The European Union and foreign countries that supply metals to the United States, including Canada and South Korea, also protested, arguing that the United States should work with other countries to act against China, not retaliate against its allies. The Department of Defense argued that import restrictions could raise the price of its equipment, while the Department of Agriculture said it feared foreign partners would retaliate against American food exports.
In a letter sent Wednesday, Mr. Schumer and other Democrats urged the Commerce Department to take action before Mr. Trump arrived in Beijing on Nov. 8. But the White House may be hesitant to introduce such an aggressive policy before an important diplomatic visit.
The move is part of a broader fight over Mr.
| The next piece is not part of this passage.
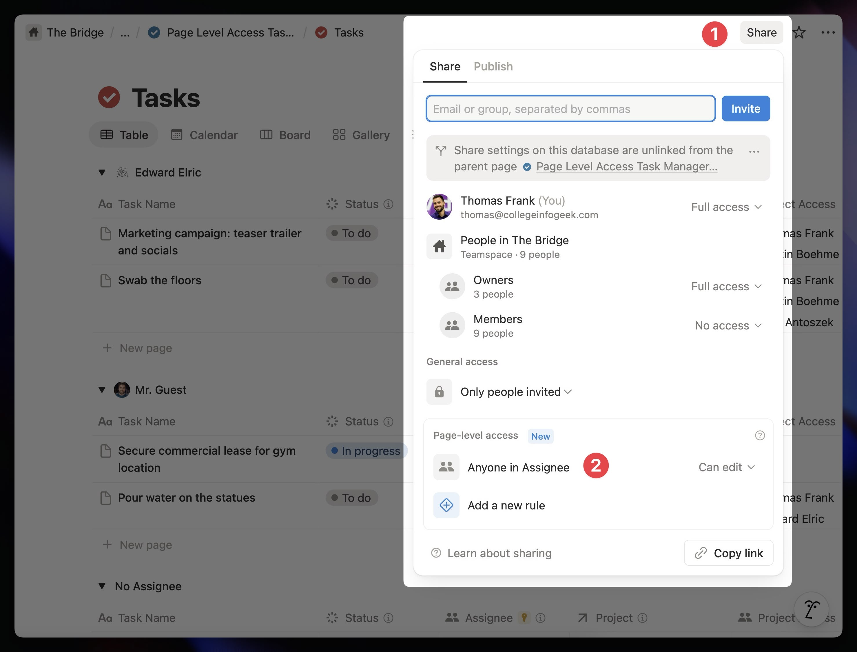 However, I’ve added a page-level access rule as well. Anyone in the Assignee property gets Can Edit permission on that page.

Trump’s promises to radically alter trade policy, which has largely been subsumed by other priorities, like the tax overhaul and the nuclear threat from North Korea. It is also a sign of the continued challenge the administration faces in creating policies to confront China economically while still preserving a strategic partnership.
Mr. Trump came into office saying that China’s economic competition was one of the biggest challenges facing the United States, but the administration has struggled to put together a comprehensive strategy to deal with it.
The administration did press China for significant cuts to its steel capacity during a visit to Washington in July, but the Chinese refused to accede to such big reductions. Since then, it has begun an investigation into intellectual property violations by the Chinese and is reportedly working on a more comprehensive trade approach. Both have yet to be unveiled, and it is unclear to what extent these plans or their components will be discussed during Mr. Trump’s Beijing visit.
In the next few months, the administration could roll out several influential trade measures, including the results of these investigations. Mr. Trump also confronts major decisions on whether to impose tariffs to protect domestic makers of solar cells and washing machines, as well as whether to withdraw from the North American Free Trade Agreement.
By statute, the Commerce Department is required to deliver final reports on steel and aluminum to the administration by January 2018.